Мой скользкий взгляд, салазочно катившийся по стене, вдруг застопорился на морщинистом лбу закрытой двери. Повинуясь естественному любопытству, я встал с табурета, подошел к двери и легонько припихнул ее. С зазывным скрипом она отворилась, и я увидел уютную комнатку. Сразу было заметно, что тут жило существо женского пола. Не в пример первой комнате, стены здесь оказались оштукатуренными и задрапированными пестрыми тканями. К одной из них степенно привалилось огромное зеркало, а перед ним застыл самовлюбленный деревянный столик с вычурно извитыми ножками. На полированой столешнице в классическом беспорядке разметались чисто дамские вытребеньки: скляночки, ленточки, коробочки, плошечки с благовоньицами, натирочки для чешуи и крыльев… В углу же царственно стояла обширная пышная кровать.

— Ну как, Евгений, не скучал без меня? — бодро поинтересовался голос вождя, ворвавшись сзади в ушные щели, и я резко обернулся. — Это комната Кризуны.

— Я уже догадался… — смущенно молвил я. — Прости меня. Любопытство, знаешь ли…       .

— Можешь не оправдываться, я тебя не виню.

— Ну и прекрасно! — облегченно произнес я, затворив дверь и мягко присев на прежний табурет. — Кризуна уже знает, что я прилетел?

— Нет, иначе уже была бы здесь, — ответил вождь.

— Мне кажется, нужно как-то сделать, чтобы мы не встретились. Ей же не растолкуешь, что я не Орбан… — опасливо проговорил я.

— Совершенно с тобой согласен, милейший гость, — понимающе пробасил он. — Я уже предупредил жителей деревни под страхом позорного наказания, чтобы они ничего не говорили Кризуне о твоем прилете. А ее я отослал в лес собирать цвет одной травки, которая расцветает, только когда стемнеет.

— Замечательно!
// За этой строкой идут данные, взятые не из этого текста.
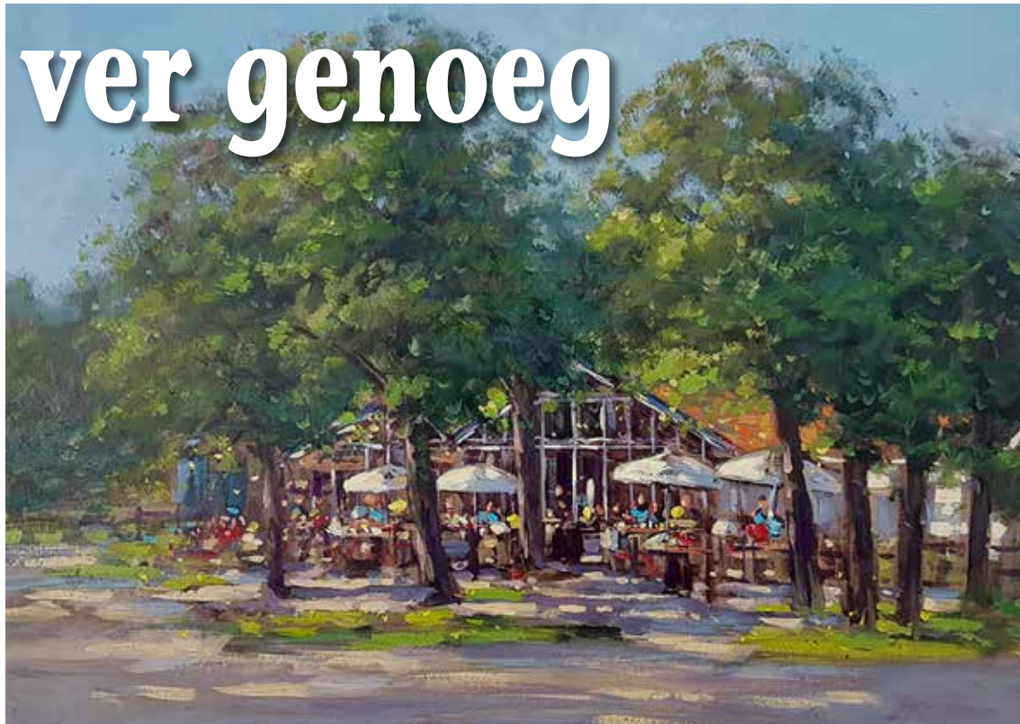
De boerderij Meijndel door Haagse kunstschilder Simon Balyon

achter, zoals in die tijd vaak gebruikelijk was. We gingen dan geld brengen naar mijn oma. Ik heb niemand ooit zo blij zien kijken als mijn oma toen ze vanaf januari 1957 'van Drees trok', zoals dat heette. Ze kreeg voor het eerst AOW, dat wil zeggen €32,45 per maand.

Просто изумительно! — осчастливленно воскликнул я.

— Но вечером дочь вернется, так что… Ты ведь не останешься ночевать?

— Нет, я спешу и покину деревню перед закатом, — успокоил я. — Мы с феей должны проникнуть в столицу пурсов этой ночью. Она ведь находится неподалеку?
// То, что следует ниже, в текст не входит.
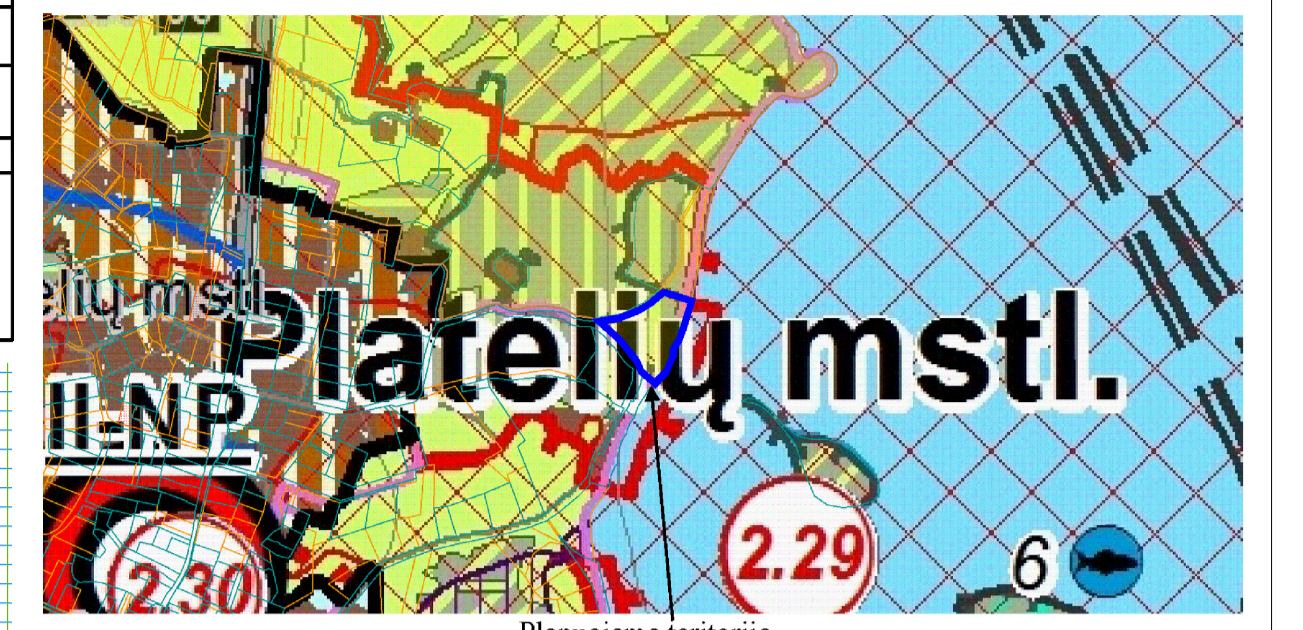
Štrauka iš 2024-03-28 Plungės rajono savivaldybės tarybos sprendimu Nr. T1-74 patvirtinto Plungės rajono savivaldybės teritorijos bendrojo plano keitimo pagrindinio brėžinio
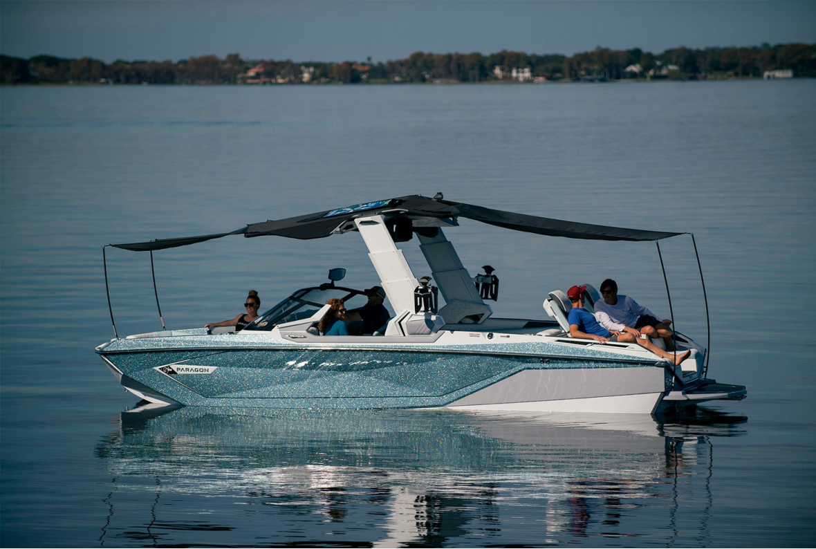
Nautique Super Air G25 Paragon

— Около тысячи взмахов на север, — объяснил вождь. — Но лучше идти пешком, если не хочешь быть замеченным. Я дам тебе хорошего проводника.

— Я неизъяснимо благодарен тебе! — произнес я и добавил: — А ведь мне даже неизвестно твое имя — все «вождь» да «великий»…
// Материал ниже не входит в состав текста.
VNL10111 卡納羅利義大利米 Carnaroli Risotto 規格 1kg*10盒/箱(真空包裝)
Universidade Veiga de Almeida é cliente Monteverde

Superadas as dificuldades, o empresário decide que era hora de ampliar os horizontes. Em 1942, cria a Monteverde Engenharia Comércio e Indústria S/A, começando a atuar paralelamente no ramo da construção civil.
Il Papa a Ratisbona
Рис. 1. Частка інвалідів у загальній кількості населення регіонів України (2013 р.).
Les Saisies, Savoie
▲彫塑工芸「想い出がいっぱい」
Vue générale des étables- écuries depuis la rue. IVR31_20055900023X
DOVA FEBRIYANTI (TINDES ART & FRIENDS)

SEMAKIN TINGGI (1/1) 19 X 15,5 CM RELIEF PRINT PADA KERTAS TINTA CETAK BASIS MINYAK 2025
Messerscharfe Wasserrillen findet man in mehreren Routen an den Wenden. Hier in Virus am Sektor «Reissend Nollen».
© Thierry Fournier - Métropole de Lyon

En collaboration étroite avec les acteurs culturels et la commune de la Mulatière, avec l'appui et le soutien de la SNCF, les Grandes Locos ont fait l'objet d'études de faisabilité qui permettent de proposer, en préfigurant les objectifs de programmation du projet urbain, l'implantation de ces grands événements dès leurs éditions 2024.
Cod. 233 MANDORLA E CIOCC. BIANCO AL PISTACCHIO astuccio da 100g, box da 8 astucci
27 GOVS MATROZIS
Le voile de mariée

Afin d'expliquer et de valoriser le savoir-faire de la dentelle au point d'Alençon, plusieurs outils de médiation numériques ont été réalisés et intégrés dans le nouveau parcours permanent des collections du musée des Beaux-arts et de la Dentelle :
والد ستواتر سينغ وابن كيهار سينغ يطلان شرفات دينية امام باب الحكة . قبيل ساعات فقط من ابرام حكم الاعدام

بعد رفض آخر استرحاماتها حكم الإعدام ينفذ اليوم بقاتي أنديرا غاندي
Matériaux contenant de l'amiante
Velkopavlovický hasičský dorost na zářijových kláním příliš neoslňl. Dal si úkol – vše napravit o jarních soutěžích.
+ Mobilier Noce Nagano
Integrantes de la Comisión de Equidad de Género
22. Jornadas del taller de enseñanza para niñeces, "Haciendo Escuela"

— Меня зовут Толис, — молвил он, прихлопнув крыльями. — Благодарить же меня не стоит: мы с тобой одной веры и должны помогать друг другу.

— Кстати, о вере!.. — спохватился я. — До заката не так уж много времени.

— Верно, — клейстерно-густым голосом согласился Толис, — но сперва ты расскажи мне о вера землян, о христианстве. Я, правда, кое-что знаю, но это сущие крохи. Итак, Евгений, не мешкай!

И я рассказал — достаточно подробно, но, как ни странно, довольно быстро. Во время рассказа произошел любопытнейший случай: я попытался прочитать вождю «Символ веры», переложив его на язык стронгов, и на меня налетели те же озверелые корчи, что и в замке Корфа. Но Толис осенил меня дугообразным движением правой руки, и неописуемо болезненная грызня внутренностей мгновенно прекратилась. Я изумленно глянул на него и беспрепятственно дочитал молитву.

— Денница отстаивает свое право на тебя! — хмыкнул вождь. — И он, кстати, совершенно прав, пока ты находишься в теле чародея и пользуешься магией.

— Что это был за жест? — ошеломленно спросил я.

— Радужное знамение, — охотно объяснил вождь. — Его нам даровал Бог как залог того, что пошлет Спасителя.

— Спасителя?! — ошарашенно вскрикнул я. — И вам — тоже?..

— Об этом я тебе потом расскажу, а пока продолжай. Ты начал говорить об Апокалипсисе…

Весьма скоро я закончил рассказ, выдохнув под конец:

— Твоя очередь, Толис.

— Моя очередь… — глубокомысленно пробасил он. — Да, Евгений, от тебя я узнал много нового. Оказывается, история Плимбара и история Земли во многом сходны, а иногда и тождественны. Да ты и сам сейчас убедишься… Итак, Господь создал одновременно Землю, Цемплус и Плимбар. Все три мира Он заселил неразумными растениями и животными, а на востоке насадил райский сад. Не знаю, зачем Бог сотворил три изначально одинаковые мира, что за грандиозный эксперимент Он задумал провести. Да и не нашего ума это дело, на так ли, Евгений? Главное, что в результате смогли появиться мы. О произошедшем впоследствии в Цемплусе я умолчу, поскольку сам толком ничего не знаю, и буду говорить исключительно о Плимбаре.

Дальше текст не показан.